阅读说明：本技术 一种提高水热炭强化厌氧消化产甲烷效率的方法 (Method for improving efficiency of methane production through hydrothermal carbon enhanced anaerobic digestion ) 是由 罗刚 任爽 张士成 于 2021-07-12 设计创作，主要内容包括：本发明提供了一种提高水热炭强化厌氧消化产甲烷效率的方法。通过对水热炭进行球磨改性处理,可提高水热炭强化厌氧消化产甲烷的效率,添加球磨改性水热炭的实验组比添加未改性水热炭实验组的产甲烷速率高出12.5%,达到了未添加水热炭对照组的3.44倍。本方法具体步骤即将生物质通过水热转化制备水热炭,进一步将水热炭采用球磨改性,然后投加有机废弃物/废水厌氧消化产甲烷反应器中即可显著提升产甲烷速率。本方法可有效提高厌氧消化反应器产甲烷速率,提高厌氧消化反应器的稳定性,有利于更有效地将有机废弃物减量和资源化利用。(The invention provides a method for improving the efficiency of methane production by hydrothermal carbon enhanced anaerobic digestion.
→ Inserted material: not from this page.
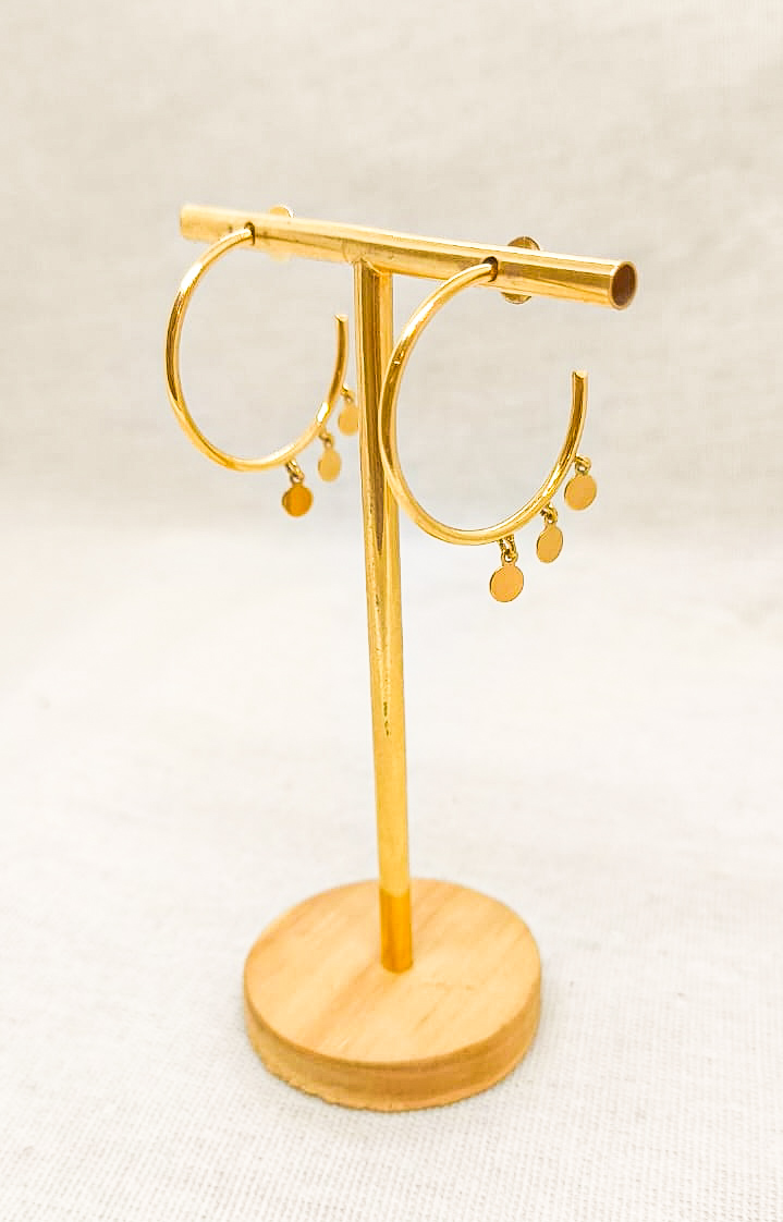 Brinco argola de pino em banho de ouro 18k com pingentes de mini medalhas.

The ball milling modification treatment is carried out on the hydrothermal carbon, so that the efficiency of methane production by hydrothermal carbon enhanced anaerobic digestion can be improved, and the methane production rate of an experimental group added with the ball milling modified hydrothermal carbon is 12.5% higher than that of an experimental group added with unmodified hydrothermal carbon, and reaches 3.44 times of that of a control group without the hydrothermal carbon. The method specifically comprises the steps of preparing hydrothermal carbon from biomass through hydrothermal conversion, further performing ball milling modification on the hydrothermal carbon, and then adding the hydrothermal carbon into an organic waste/wastewater anaerobic digestion methane production reactor to remarkably improve the methane production rate. The method can effectively improve the methane production rate of the anaerobic digestion reactor, improve the stability of the anaerobic digestion reactor, and is beneficial to more effectively reducing and recycling organic wastes.)

1. A method for improving hydrothermal carbon reinforced anaerobic digestion efficiency is characterized by comprising the following specific steps:

(1) biomass waste is converted into hydrothermal carbon through hydrothermal reaction; washing away biological oil on the surface of the biomass waste by using an organic solvent, drying, and further performing ball milling treatment;

(2) and (2) adding the ball-milling modified hydrothermal carbon obtained in the step (1) into a reactor for producing methane by utilizing anaerobic digestion of organic wastes/wastewater and the like, wherein the methane production rate is increased by over 12.5 percent compared with an experimental group added with non-ball-milling hydrothermal carbon.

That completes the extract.